Namun, hal itu berisiko meruntuhkan simbol kesuksesan Weizhou yang paling kuat, dan memusuhi komunitas yang menjadi simbol kemenangan reformasi ekonomi Cina.
Kota Muslim yang Taat
Populasi Weizhou terdapat lebih dari 90% etnis Hui. Sering disebut oleh media sebagai Muslim Cina, Hui melacak nenek moyang mereka untuk Muslim yang tiba di Cina lebih awal dari Dinasti Tang selama abad ke-8.

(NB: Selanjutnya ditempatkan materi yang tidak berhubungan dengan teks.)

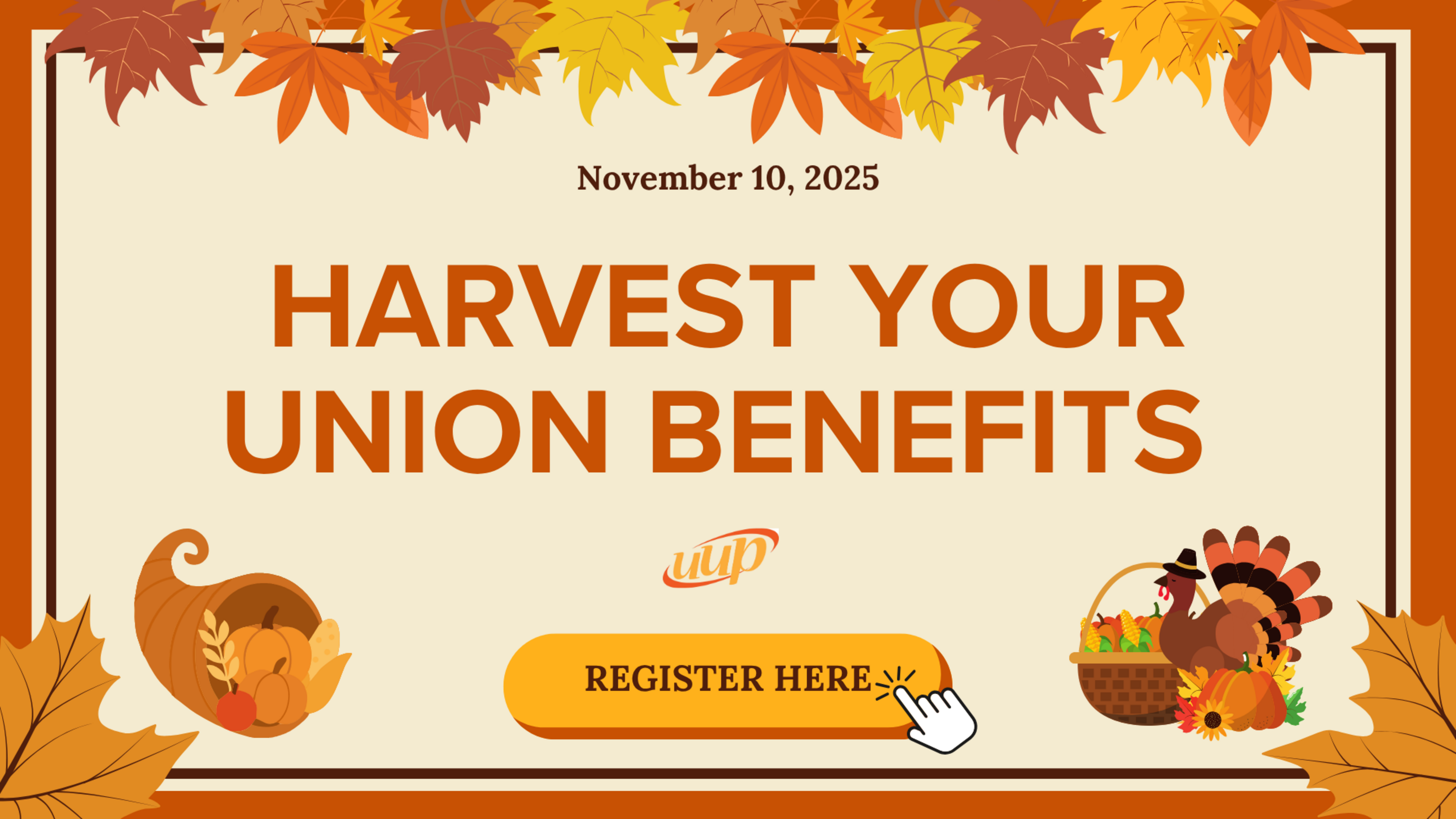 “Harvest Your Union Benefits” UUP’s Know Your Negotiated Benefits webinar is scheduled for Monday, November 10 2025, at 12:00pm.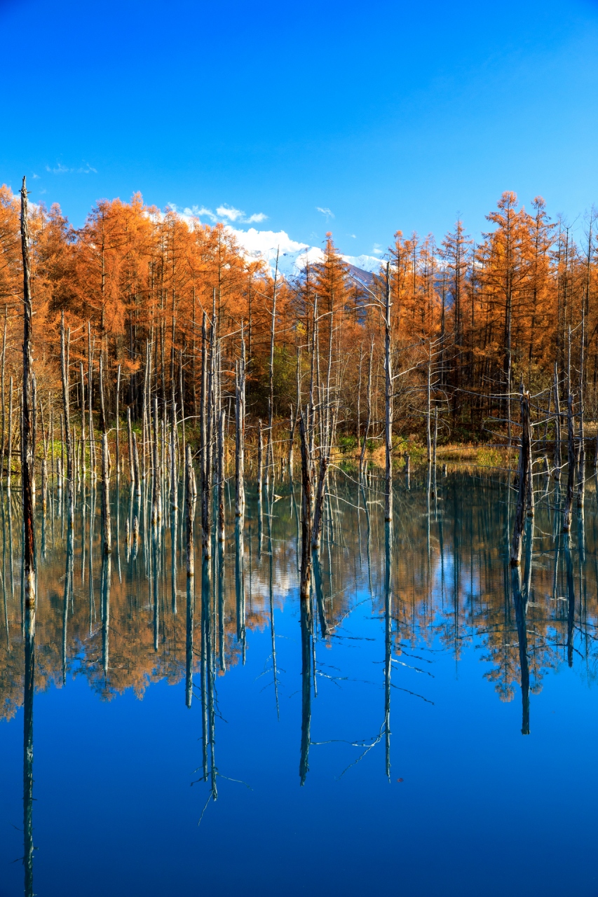 名称通りの青い池を見たければ陽があたってる時間帯にいきましょう。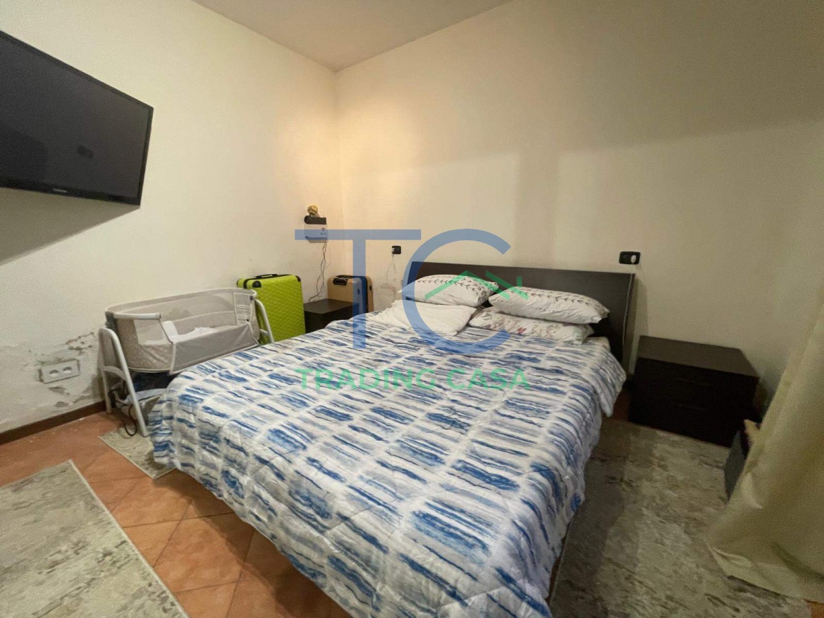 La camera matrimoniale regala silenzio e privacy, lo spazio giusto per staccare davvero. Il bagno è funzionale, pronto all’uso. E poi c’è il valore che cambia tutto: il giardino di proprietà, uno sfogo reale dove respirare, far giocare un bambino, goderti una cena all’aperto o semplicemente rilassarti a fine giornata.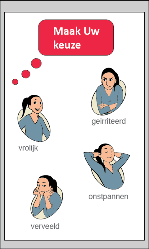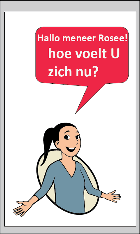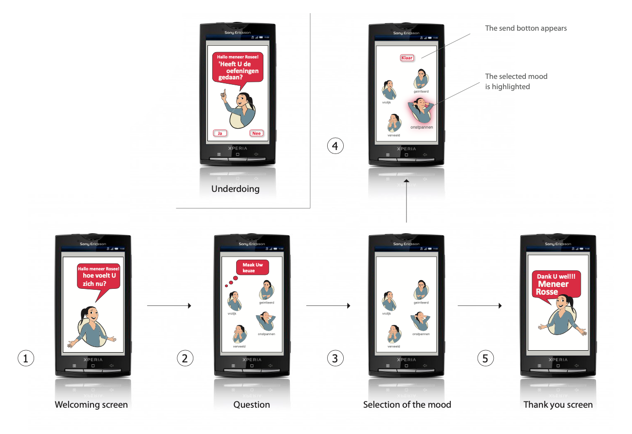 ESTHER 1.0 was designed as an in-situ, self-reporting tool that provides contextual and experiential variables by patients during their home recovery process. Based on Experience Sampling Method (Larson and Csikszentmihalyi, 1993), this tool provided a fixed interval sampling protocol using a step-by-step interactive questionnaire embedded in a tablet. The Pictorial Mood Reporting Instrument, PMRI, (Vastenburg et al., 2011) was chosen, as an easy-to-use mood capturing technique. The design of the tool was informed by focus groups observational testing sessions.

Setelah berabad-abad perkawinan campuran dan asimilasi ke dalam masyarakat Cina, sebagian besar Hui hampir tidak dapat dibedakan dari mayoritas Han Cina, kecuali hubungan mereka dengan keyakinan Islam.

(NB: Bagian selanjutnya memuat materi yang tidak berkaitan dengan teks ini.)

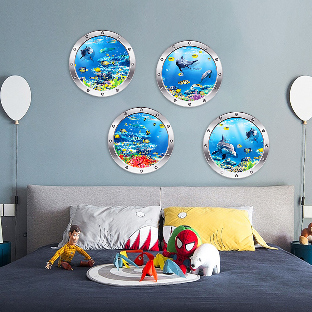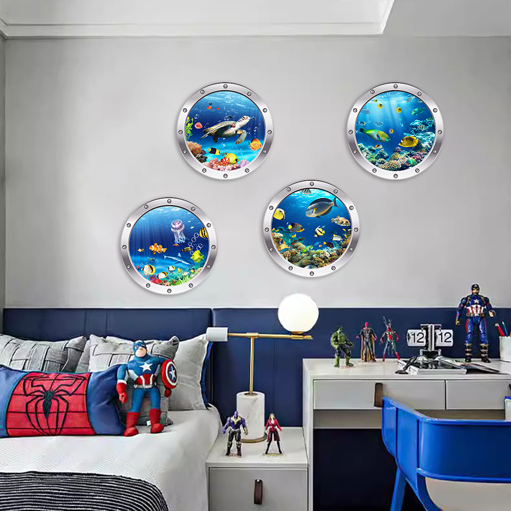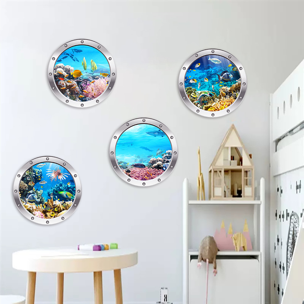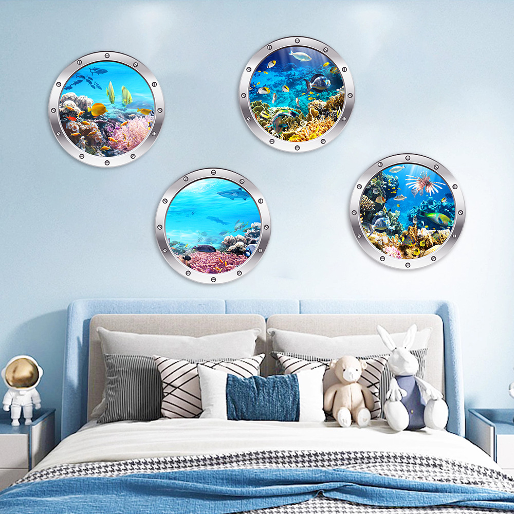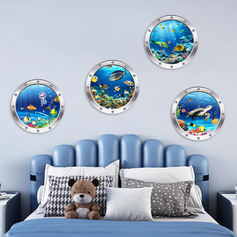 4 조각 수중 세계 잠수함 가짜 창 스티커 침실 침대 옆 어린이 방 크리스탈 하드 조각 장식 벽 스티커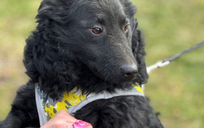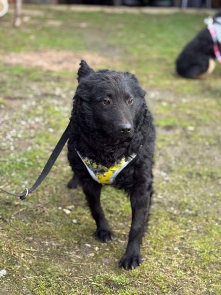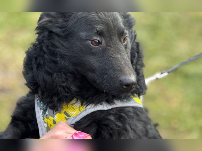Ihr wunderschönes, leicht gelocktes schwarzes Fell umrahmt ein feines Gesicht mit weichen, warmen Augen. Dieser Blick ist es, der berührt. Ein bisschen sehnsüchtig. Ein bisschen vorsichtig. Und gleichzeitig voller Hoffnung.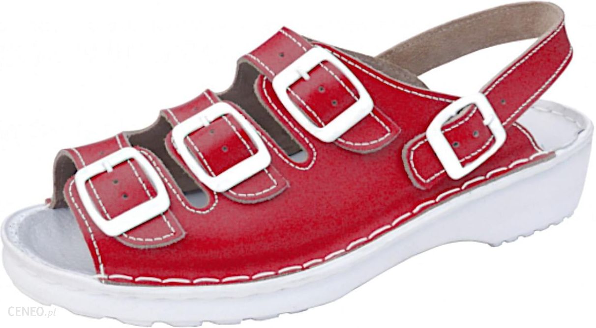 Klapki medyczne czerwone OLA z paskiemWysokiej jakości komfortowe obuwie wykonane ze skóry naturalnej z profilowanymi podeszwami oraz powłokami zabezpieczającymi powierzchnię przeznaczone dla Pań pracujących w szpitalach, klinikach domach opieki.Opis techniczny:wierzch – skóra bydlęca licowa pokryta specjalną membraną ułatwiającą czyszczenie i dezynfekcją , regulacja tęgości 3 paski + pasek za piętęwyściółka – skóra naturalnaspód – o urzeźbieniu przeciwpoślizgowym z poliuretanu (PU), obcas 3,5cm, wewnętrzny profil ortopedyczny.Sposób montażu – wierzch łączony ze spodem szyciem ręcznymObuwie atestowane: PN-EN ISO 20 347 : 2012Dostępne rozmiary od 36 do 42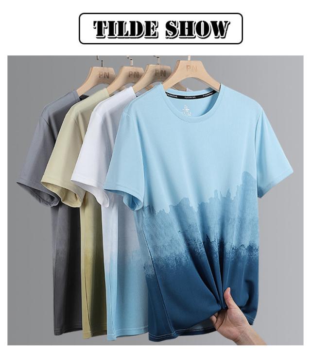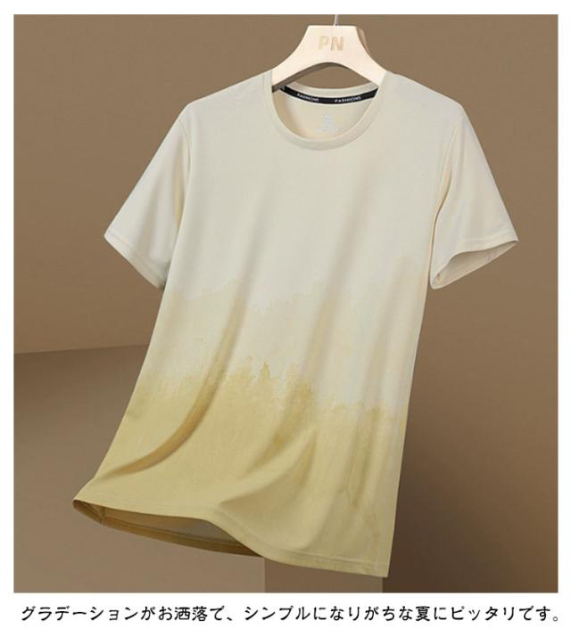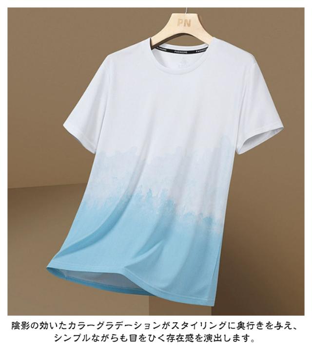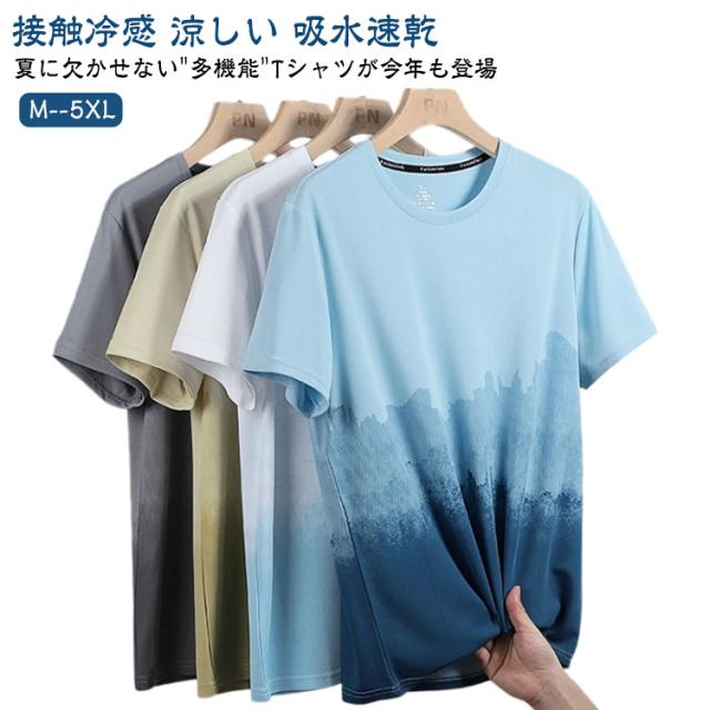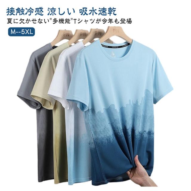 メンズ 半袖tシャツ 半袖 ひんやり カットソー おしゃれ ビッグtシャツ グラデーション 半袖 軽い カジュアル ゆったり 丸襟 接触冷感 夏服 快適 クルーネック 柔らかい 涼しい 吸水速乾 春 夏 秋

Meskipun sejarah konflik kekerasan dengan Dinasti Qing yang berkuasa di abad 18 dan 19, Hui telah dianggap oleh banyak orang di Cina sebagai minoritas panutan. Seperti seorang yang diwawancarai di ibukota Ningxia, Yinchuan, ia mengatakan kepada saya dalam perjalanan kerja lapangan saya, “Hui telah sepenuhnya Hanified”.
Namun, di daerah kantong Hui yang lebih saleh – seperti Weizhou – penduduk menjadi Muslim yang lebih taat.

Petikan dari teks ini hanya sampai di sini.